Top of EXTRACTED DATA

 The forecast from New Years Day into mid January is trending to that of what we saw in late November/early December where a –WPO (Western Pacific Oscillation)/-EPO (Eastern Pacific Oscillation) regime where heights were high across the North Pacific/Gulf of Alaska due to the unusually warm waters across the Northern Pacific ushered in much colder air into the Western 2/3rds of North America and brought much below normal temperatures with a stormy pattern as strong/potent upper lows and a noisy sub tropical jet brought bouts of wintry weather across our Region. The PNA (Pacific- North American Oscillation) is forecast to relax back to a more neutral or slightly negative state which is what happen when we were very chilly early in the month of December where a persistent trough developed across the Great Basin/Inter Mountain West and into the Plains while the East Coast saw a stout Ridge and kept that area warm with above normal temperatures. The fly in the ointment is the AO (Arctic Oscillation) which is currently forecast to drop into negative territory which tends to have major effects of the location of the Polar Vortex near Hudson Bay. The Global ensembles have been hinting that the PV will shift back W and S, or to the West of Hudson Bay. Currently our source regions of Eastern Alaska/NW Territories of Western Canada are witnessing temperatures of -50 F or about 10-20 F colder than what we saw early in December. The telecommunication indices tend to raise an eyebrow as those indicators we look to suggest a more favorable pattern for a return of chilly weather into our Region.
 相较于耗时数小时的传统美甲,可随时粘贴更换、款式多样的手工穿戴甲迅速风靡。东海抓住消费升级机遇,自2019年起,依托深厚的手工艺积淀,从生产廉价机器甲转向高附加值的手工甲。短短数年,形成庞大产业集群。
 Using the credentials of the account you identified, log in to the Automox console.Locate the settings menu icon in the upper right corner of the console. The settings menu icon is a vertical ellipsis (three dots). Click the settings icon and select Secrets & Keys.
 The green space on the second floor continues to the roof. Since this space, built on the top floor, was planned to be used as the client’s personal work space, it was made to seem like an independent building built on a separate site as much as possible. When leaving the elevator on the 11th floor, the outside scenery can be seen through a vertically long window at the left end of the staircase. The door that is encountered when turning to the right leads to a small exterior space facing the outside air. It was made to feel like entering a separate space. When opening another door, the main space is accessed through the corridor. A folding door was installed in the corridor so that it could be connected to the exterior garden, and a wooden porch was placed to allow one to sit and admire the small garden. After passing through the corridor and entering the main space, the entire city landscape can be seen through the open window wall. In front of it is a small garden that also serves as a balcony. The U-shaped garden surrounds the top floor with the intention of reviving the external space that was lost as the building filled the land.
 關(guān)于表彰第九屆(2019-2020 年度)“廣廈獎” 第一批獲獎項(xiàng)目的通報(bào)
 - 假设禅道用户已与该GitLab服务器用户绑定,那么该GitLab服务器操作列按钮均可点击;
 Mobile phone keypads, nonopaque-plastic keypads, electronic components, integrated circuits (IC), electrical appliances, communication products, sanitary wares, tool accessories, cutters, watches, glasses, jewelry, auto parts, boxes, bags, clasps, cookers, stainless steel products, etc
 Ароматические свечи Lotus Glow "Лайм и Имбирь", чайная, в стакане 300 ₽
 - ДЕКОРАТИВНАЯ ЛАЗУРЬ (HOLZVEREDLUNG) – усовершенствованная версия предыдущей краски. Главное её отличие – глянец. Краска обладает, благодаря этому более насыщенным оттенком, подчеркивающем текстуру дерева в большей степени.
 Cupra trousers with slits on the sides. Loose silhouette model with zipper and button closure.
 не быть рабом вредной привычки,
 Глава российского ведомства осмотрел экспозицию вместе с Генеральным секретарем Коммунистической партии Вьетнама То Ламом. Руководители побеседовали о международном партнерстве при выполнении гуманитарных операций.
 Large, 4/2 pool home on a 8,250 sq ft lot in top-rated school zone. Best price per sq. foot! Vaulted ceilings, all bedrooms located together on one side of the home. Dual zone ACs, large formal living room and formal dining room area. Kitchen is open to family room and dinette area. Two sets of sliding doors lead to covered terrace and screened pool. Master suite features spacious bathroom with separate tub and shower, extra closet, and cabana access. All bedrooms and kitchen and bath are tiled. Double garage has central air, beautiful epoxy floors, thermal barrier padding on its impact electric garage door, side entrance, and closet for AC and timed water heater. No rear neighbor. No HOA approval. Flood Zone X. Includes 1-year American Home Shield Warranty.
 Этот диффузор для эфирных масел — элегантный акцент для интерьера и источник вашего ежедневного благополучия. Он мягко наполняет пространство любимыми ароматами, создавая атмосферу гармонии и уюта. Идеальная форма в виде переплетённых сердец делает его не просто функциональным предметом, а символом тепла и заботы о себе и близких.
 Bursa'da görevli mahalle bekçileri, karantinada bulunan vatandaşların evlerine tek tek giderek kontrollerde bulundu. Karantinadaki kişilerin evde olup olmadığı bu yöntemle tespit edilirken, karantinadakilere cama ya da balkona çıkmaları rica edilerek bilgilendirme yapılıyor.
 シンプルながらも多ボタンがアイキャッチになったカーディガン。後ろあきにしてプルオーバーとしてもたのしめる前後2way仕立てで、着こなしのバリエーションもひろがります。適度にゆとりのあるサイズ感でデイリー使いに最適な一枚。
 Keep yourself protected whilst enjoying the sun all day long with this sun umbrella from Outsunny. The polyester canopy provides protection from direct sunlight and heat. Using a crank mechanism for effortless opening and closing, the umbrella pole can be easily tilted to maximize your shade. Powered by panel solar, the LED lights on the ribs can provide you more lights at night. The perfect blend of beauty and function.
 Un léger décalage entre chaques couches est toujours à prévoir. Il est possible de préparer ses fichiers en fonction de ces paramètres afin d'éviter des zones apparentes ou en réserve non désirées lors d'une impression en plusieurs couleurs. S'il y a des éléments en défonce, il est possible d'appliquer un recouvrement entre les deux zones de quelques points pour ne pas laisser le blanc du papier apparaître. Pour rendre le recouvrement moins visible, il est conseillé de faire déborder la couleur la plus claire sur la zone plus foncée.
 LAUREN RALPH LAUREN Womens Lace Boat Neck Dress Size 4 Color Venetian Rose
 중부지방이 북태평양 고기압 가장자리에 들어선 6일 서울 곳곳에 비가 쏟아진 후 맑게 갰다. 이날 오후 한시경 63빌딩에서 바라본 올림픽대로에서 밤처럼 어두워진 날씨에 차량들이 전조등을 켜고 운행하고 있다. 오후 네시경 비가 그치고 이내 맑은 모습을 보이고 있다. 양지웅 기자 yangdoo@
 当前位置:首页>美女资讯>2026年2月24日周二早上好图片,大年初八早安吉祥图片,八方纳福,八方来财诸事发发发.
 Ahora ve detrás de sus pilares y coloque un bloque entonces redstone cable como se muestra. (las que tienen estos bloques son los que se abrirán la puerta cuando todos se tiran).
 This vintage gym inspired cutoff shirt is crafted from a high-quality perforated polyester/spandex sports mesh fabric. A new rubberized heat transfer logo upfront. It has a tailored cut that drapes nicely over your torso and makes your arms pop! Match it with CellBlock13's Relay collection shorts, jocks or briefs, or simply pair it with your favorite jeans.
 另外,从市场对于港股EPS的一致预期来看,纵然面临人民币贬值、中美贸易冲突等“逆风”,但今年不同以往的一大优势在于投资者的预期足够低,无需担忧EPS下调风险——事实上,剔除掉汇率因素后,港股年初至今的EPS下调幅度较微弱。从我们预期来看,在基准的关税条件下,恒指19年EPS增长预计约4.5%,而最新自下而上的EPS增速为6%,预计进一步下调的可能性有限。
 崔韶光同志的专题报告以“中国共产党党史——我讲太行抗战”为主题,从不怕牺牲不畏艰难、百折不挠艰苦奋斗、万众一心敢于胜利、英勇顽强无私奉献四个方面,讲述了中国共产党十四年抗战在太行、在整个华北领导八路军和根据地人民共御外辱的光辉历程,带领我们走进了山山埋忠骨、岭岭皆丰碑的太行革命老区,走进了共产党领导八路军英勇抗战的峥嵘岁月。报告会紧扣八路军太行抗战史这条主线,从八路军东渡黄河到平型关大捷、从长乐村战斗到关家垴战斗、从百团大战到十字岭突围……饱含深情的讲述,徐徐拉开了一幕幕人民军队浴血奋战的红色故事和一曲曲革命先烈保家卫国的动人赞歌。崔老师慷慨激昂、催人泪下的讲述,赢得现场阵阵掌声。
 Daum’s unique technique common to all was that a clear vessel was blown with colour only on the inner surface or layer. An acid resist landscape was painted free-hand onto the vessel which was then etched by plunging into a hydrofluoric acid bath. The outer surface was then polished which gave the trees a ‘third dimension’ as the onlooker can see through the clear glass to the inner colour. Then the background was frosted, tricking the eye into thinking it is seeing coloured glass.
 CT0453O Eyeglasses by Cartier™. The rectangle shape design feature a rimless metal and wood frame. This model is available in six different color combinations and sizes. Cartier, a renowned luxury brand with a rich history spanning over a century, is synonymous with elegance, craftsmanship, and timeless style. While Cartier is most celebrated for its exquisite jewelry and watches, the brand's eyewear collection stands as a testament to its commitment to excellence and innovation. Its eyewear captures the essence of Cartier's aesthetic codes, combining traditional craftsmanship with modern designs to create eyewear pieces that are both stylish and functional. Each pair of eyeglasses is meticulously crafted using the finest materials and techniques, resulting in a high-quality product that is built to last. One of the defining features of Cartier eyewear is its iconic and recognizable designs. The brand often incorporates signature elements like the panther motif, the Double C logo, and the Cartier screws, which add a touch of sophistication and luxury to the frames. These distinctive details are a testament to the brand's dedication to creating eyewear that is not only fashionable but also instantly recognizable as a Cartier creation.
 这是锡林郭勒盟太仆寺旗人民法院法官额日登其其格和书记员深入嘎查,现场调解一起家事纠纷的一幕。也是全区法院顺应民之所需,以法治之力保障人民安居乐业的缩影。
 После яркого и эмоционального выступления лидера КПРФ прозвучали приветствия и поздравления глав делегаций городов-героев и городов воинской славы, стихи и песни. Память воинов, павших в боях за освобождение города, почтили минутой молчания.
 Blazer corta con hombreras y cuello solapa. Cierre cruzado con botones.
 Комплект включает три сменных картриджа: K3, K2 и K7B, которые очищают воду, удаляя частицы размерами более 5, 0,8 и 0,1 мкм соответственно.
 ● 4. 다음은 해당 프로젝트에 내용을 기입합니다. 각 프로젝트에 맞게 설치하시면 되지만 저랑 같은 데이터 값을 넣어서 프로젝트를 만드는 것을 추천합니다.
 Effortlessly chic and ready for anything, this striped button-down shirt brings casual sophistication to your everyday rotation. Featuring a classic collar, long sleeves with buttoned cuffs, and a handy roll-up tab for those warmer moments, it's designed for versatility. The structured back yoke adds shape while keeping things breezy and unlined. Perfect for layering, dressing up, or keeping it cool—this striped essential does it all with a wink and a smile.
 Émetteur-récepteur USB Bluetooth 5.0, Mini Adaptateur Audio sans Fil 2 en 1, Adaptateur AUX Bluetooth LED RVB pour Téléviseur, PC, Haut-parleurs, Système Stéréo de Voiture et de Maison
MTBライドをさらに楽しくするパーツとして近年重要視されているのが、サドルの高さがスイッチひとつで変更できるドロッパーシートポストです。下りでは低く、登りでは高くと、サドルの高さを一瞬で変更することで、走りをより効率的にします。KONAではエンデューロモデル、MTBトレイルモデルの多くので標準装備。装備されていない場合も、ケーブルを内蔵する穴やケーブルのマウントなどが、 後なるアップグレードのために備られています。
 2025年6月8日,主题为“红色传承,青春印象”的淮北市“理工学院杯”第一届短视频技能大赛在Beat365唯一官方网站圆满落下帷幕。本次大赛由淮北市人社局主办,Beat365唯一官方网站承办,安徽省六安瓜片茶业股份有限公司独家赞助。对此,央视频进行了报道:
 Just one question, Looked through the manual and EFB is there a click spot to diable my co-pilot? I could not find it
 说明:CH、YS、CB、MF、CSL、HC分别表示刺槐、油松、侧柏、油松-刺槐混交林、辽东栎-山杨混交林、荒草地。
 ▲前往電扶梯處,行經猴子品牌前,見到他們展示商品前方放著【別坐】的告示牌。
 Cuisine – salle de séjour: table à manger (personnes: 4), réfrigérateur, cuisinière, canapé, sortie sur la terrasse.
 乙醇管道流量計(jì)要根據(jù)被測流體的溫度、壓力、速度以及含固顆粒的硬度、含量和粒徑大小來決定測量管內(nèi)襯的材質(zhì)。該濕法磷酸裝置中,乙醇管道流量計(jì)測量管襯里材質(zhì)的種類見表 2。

Bottom of EXTRACTED DATA

EXERCISE BRIEF: Taking the entries above, write out exactly the lines starting with the line containing "После яркого и" and going on through the line containing "만드는 것을 추천합니다.", both included, and nothing else.

RESULT:
 После яркого и эмоционального выступления лидера КПРФ прозвучали приветствия и поздравления глав делегаций городов-героев и городов воинской славы, стихи и песни. Память воинов, павших в боях за освобождение города, почтили минутой молчания.
 Blazer corta con hombreras y cuello solapa. Cierre cruzado con botones.
 Комплект включает три сменных картриджа: K3, K2 и K7B, которые очищают воду, удаляя частицы размерами более 5, 0,8 и 0,1 мкм соответственно.
 ● 4. 다음은 해당 프로젝트에 내용을 기입합니다. 각 프로젝트에 맞게 설치하시면 되지만 저랑 같은 데이터 값을 넣어서 프로젝트를 만드는 것을 추천합니다.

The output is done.